Credit rating agency warns state to solve $47 billion pension crisis
A little noticed news item last week should have Pennsylvanians worried. Fitch, a credit-rating agency, downgraded the state’s $11 billion of outstanding bonds to AA, from AA-plus, mostly because of the state’s public pension crisis.
For years, there have been warnings about Pennsylvania’s underfunded pension crisis — now estimated at $47 billion. The state’s two large pension funds, one for public school teachers and one for all state employees including lawmakers, are dramatically underfunded.
In downgrading the state’s credit rating, Fitch focused on the failure to enact pension reform, a structural deficit and a depleted reserve fund as reasons. But the pension crisis was front and center in the report.
The report from Fitch said, “For fiscal 2014, the commonwealth estimates the general fund share of pension costs will increase 46.2 percent or $511.2 million, to $1.6 billion. This represents 80 percent of the total spending increase in the budget.”
And the report contains more bad news, noting that general fund increases to the pension funds will increase at double digit rates until 2018, without serious pension reform.
It looks as though almost all the revenue growth coming to the Department of Revenue in coming years will be diverted to the state’s two pension funds. That means even if tax revenues increase, there will be no additional money for education, economic development, tax reduction, help for seniors or transportation.
Pennsylvania is not alone in facing a pension crisis. Other states, notably Illinois, New Jersey and California face huge pension gaps.
In Illinois, Gov. Pat Quinn is threatening to stop paychecks to state lawmakers and he plans to call them back to work for a special session to deal with the state’s $100 billion pension gap.

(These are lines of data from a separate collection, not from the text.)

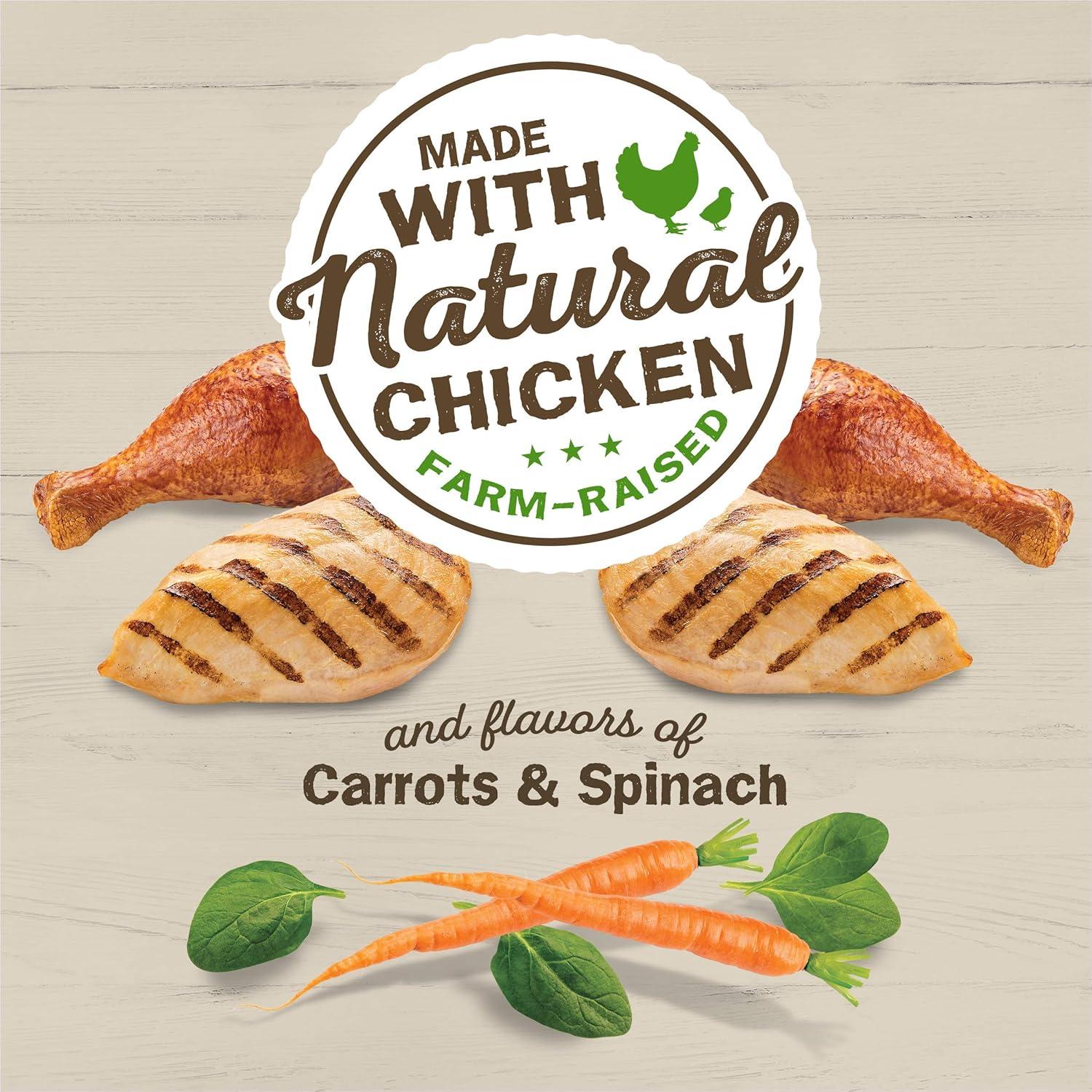 Made with natural. farm-raised chicken. Flavors of carrots and spinach add flavorful variety
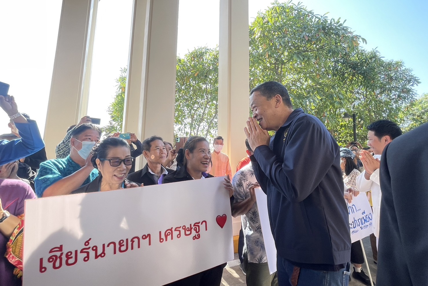 เมื่อเวลา 13.52 น. วันที่ 23 ธ.ค.66 นายเศรษฐา ทวีสิน นายกรัฐมนตรีและรัฐมนตรีว่าการกระทรวงการคลัง และคณะ เดินทางถึงศาลากลางจังหวัดน่าน ด้วยรถยนต์โตโยต้า อัลพาร์ด ทะเบียน กฉ 5353 น่าน โดยมีประชาชนจำนวน 200 คน รอให้การต้อนรับ พร้อมถือป้ายข้อความระบุว่า รักนายกฯ นิดๆ แต่จะฮักนายกฯ นานๆ, ขอให้ท่านนายกฯ มีสุขภาพแข็งแรง อยู่แก้ปัญหาและบริหารประเทศไปนานๆ รักท่านครับ, หมู่เฮาจาวเวียงสา ขอต้อนฮับท่านนายกฯ, +1 โครงการดีแก้ไขปัญหาหนี้นอกระบบ นายกสู้ๆ, นายกฯ เศรษฐาสู้ๆ เพื่อประชาชน, Love นายกฯ, FC นายกฯ, คนน่านขอบคุณนายกรัฐมนตรีที่ช่วยแก้ปัญหาหนี้นอกระบบ, พวกเราคนภูเพียงสนับสนุนนายกฯ เศรษฐา, เรารักนายกฯ เศรษฐา เป็นต้น โดยนายกฯ ได้เดินทักทายประชาชน ขณะที่ในช่วงหนึ่ง ชาวบ้านได้ตะโกนบอกว่า “ยังรอเงินดิจิทัลอยู่นะครับ” ซึ่งนายกฯ ตอบกลับว่า “ครับ”
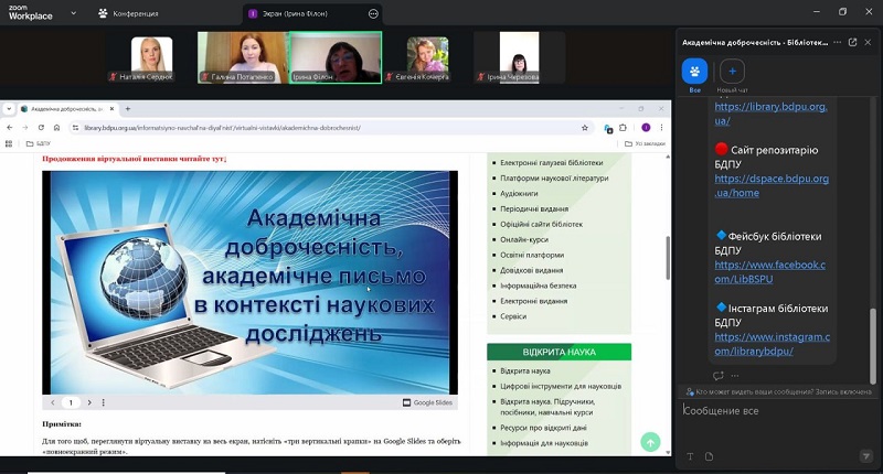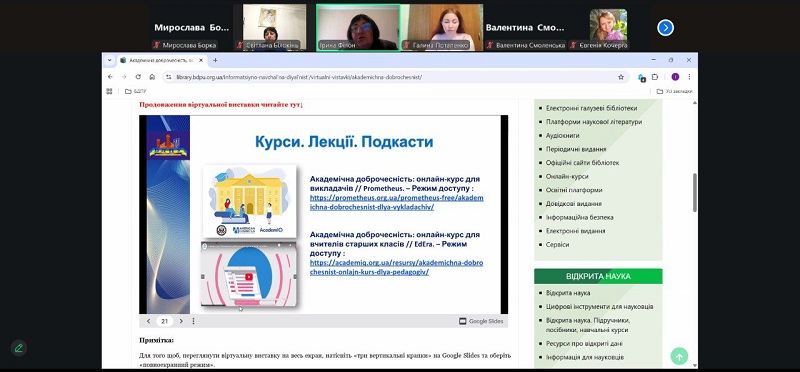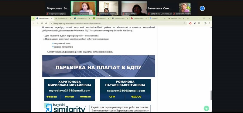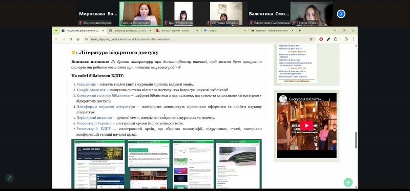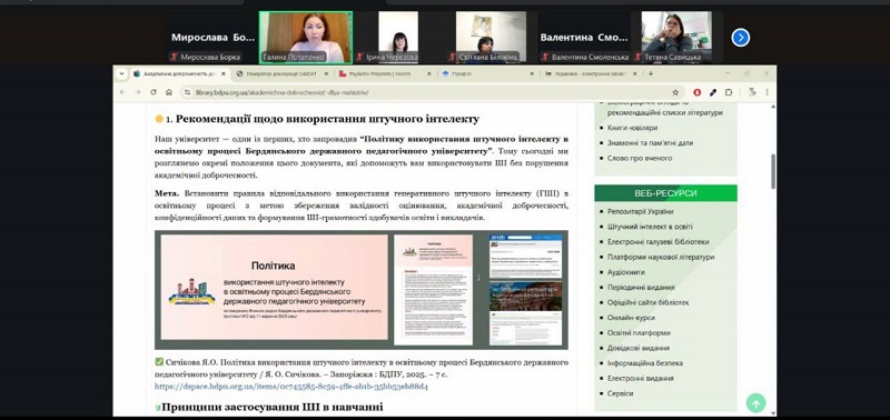 Розпочала зустріч провідна бібліотекарка Галина Потапенко, яка висвітлила основні положення Політики використання ШІ в БДПУ; акцентувала увагу на принципах застосування ШІ в навчанні, ризиках та наслідках його використання; представила алгоритм роботи з декларацією розкриття внесків ШІ GAIDeT. Бібліотекарка “провела” присутніх по базам даних бібліотеки, зупинилася на репозитарії БДПУ та його фондах, окремо висвітлила питання плагіату в наукових роботах.
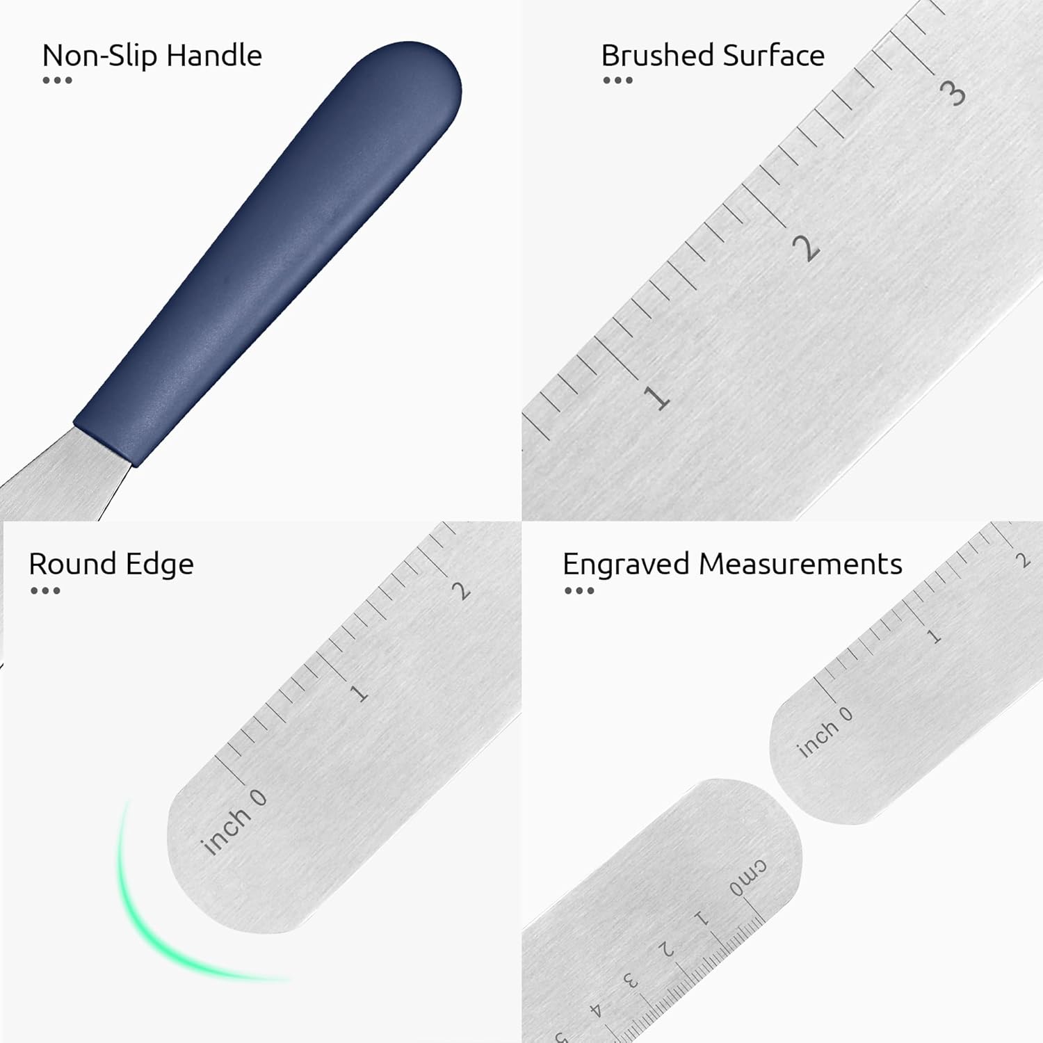 U-Taste Cake Icing Spatulas Set: Straight Decorating Frosting Knife with 6", 8", 10" Flat Thinner Stainless Steel Blade, Flexible Smoothing Spreading Tools with Comfortable PP Handle (Midnight Blue)

Gov. Tom Corbett should be taking a similarly tough stance.
Public employee pensions are threatening many states and cities. Detroit’s filing for bankruptcy protection last week is certainly related to its underfunded pension crisis.

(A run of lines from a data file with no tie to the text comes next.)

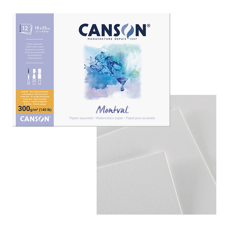 Montval to papier opracowany przez malarza Gasparda Maillol, bratanka rzeźbiarza Aristide Maillol i produkowany przez firmę Canson na jego zamówienie w początkach XX wieku. Od tamtego czasu, proces jego produkcji został udoskonalony. Bezkwasowy, trwały, zabezpieczony przeciwko pleśni i wolny od wszelkich wybielaczy optycznych - najwłaściwszy papier do nauki akwareli. Jedną z najważniejszych zalet papieru Montval jest możliwość dokonywania poprawek. Retusze są łatwe do wykonania, dzięki możliwości wymywania kolorów wodą z pomocą gąbki lub pędzla. Po farbie nie pozostają ślady, a powierzchnię można na nowo wykorzystać do malowania. Arkusze wytrzymują również poprawki przez wydrapywanie, nie mechacąc się. Dzięki tym właściwościom jest to papier szczególnie wygodny w użytkowaniu. Produkt polecany profesjonalistom, jak i zamożniejszym debiutantom, którzy docenią wysoką jakość prezentowanego modelu.
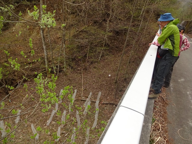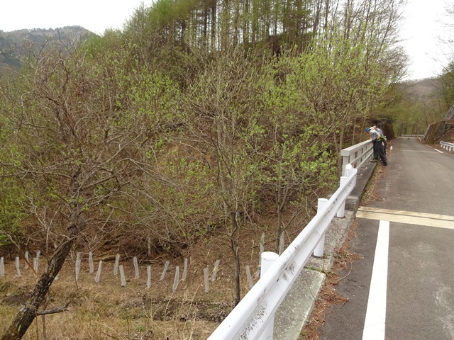 ここから先はゲートのカギを開けていただき、いよいよ秘境への入り口突破。 途中車を降りて、シオジの植林がされている場所を見学。 食害に合わないようにネットで保護されています。
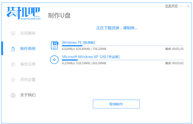 2、選擇系統,下載安裝資源,等待啟動U盤制作完成。
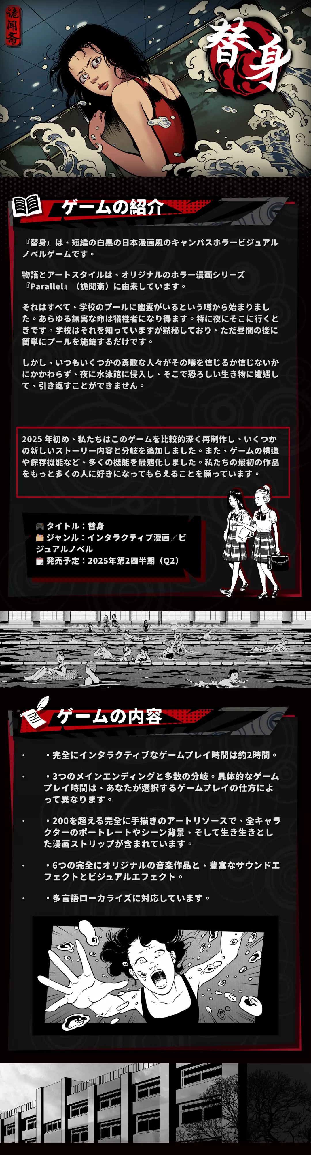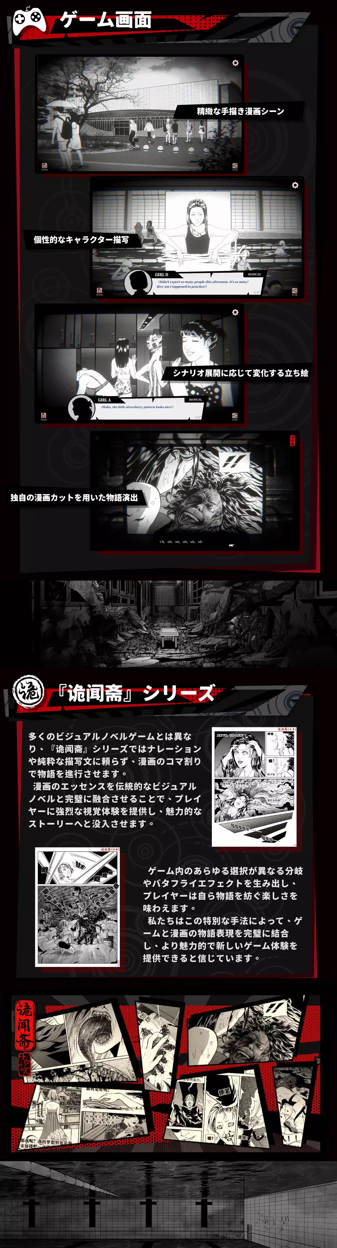 本作は2時間程度でプレイできる完全インタラクティブなゲームです。3つのメインエンディングと複数のストーリーラインが用意されており、実際のゲームプレイ時間は選択次第で異なります。 ゲーム内には200点以上の手描きアート素材を収録しており、キャラクターポートレート、全キャラクターの背景、カラフルなコミックシーンなどが含まれています。 6曲の完全オリジナル楽曲に加え、豊富なサウンドエフェクトとビジュアルエフェクトを搭載し、ゲーム体験を一層充実させています。
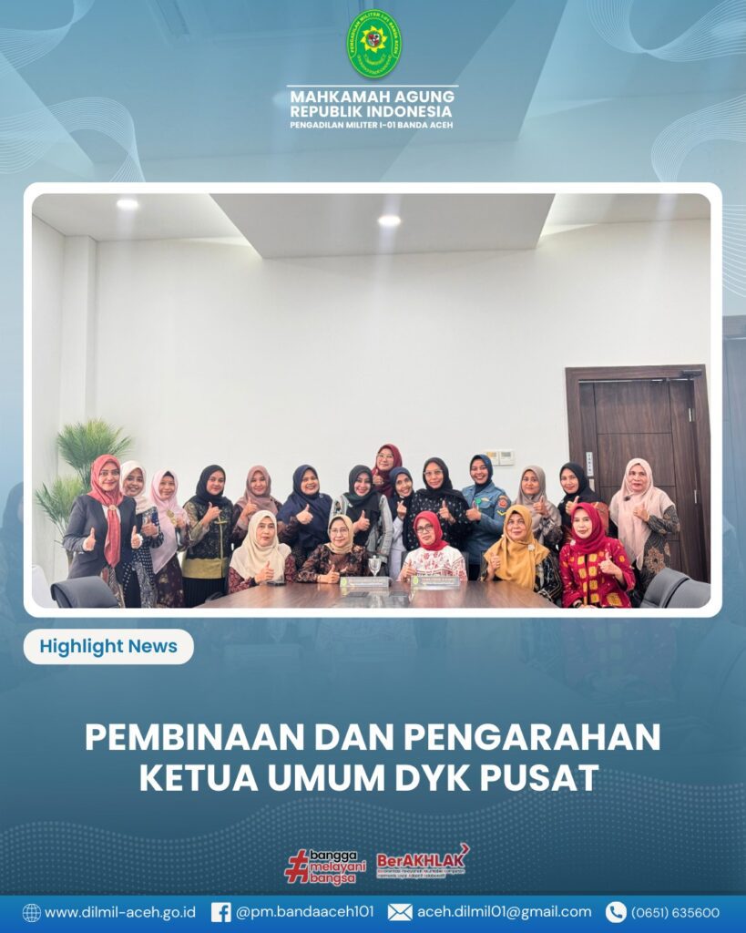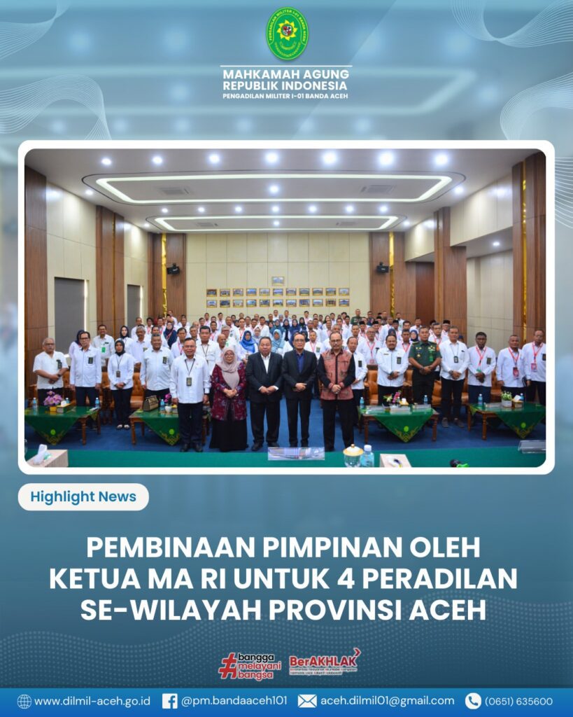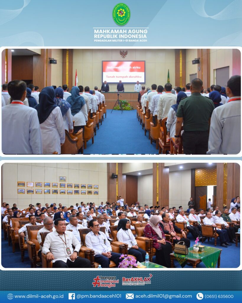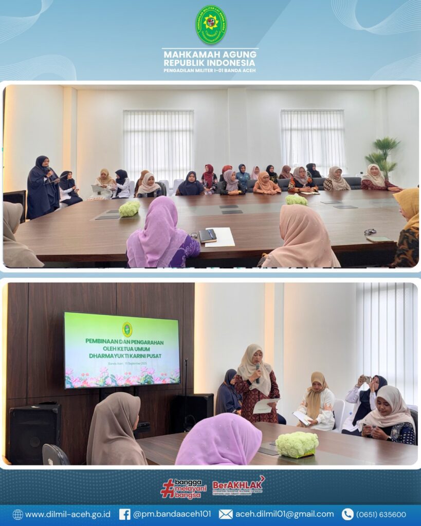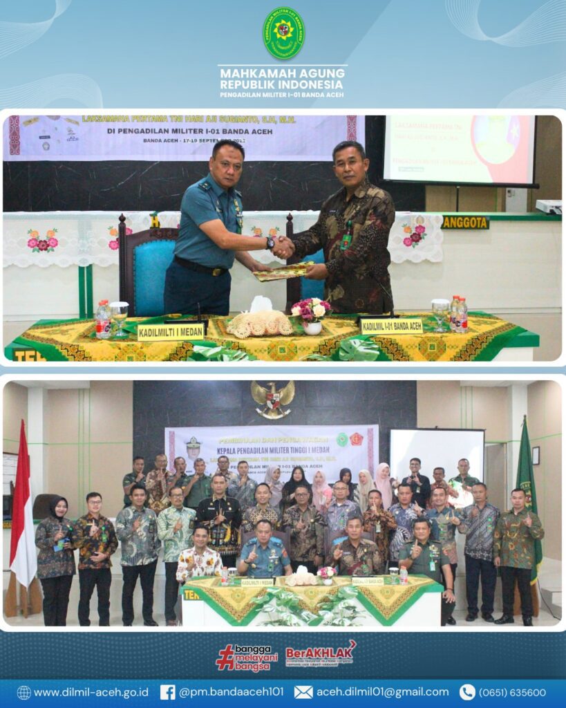 Banda Aceh – Kamis, 18 September 2025. Pengadilan Militer I-01 Banda Aceh menerima kunjungan kerja Kepala Pengadilan Militer Tinggi I Medan yang dipimpin oleh Laksamana Pertama TNI Hari Aji Sugianto, S.H., M.H. dalam rangka kegiatan Pembinaan dan Pengawasan.

Past efforts to resolve Pennsylvania’s pension crisis were mostly accounting tricks to kick the can down the road.
This problem should have been addressed in 2002, the year after the state lawmakers voted themselves a 50 percent pension increase and gave all other state employees, plus public school teachers, a 25 percent pension increase.
At the time of the so-called 2001 pension grab, stock market gains from the dot-com bubble had produced a surplus in the state’s two big pension funds. Rather than leave the surplus as a cushion against future stock market downturns, the lawmakers raided it. Within months of those unwarranted pension increases passed by lawmakers, the stock market crashed, dropping the pension funds’ value. Subsequent market crashes, including the 2008-09 financial crisis, only worsened the pension crisis.
The Fitch report says the state’s problems “signal an inability or unwillingness on the part of political leaders to make difficult fiscal decision.” Reading that statement, there is an obvious error — there are no political leaders (at least not many) in Pennsylvania, only elected officials who have failed to do their jobs.
Lawmakers, when they finally face the pension crisis, must craft a solution that involves everyone — taxpayers, current beneficiaries, possibly even some current retirees. Retirees should be the least affected, but they should contribute something to to solution — especially those enjoying higher benefits from the 2001 pension increase.
Current employees should face increased contributions into the pension fund and possibly changes in retirement ages and pension eligibility rules as well. Any solution should share the pain, so that the entire burden does not fall on taxpayers.
Elected officials have not been honest about the seriousness of the pension crisis; the Fitch downgrade is evidence of that.
Taxpayers and voters should pay attention to what lawmakers propose to resolve the $47 billion funding gap. It should be a shared-sacrifice plan, even if lawmakers and their political supporters don’t like it.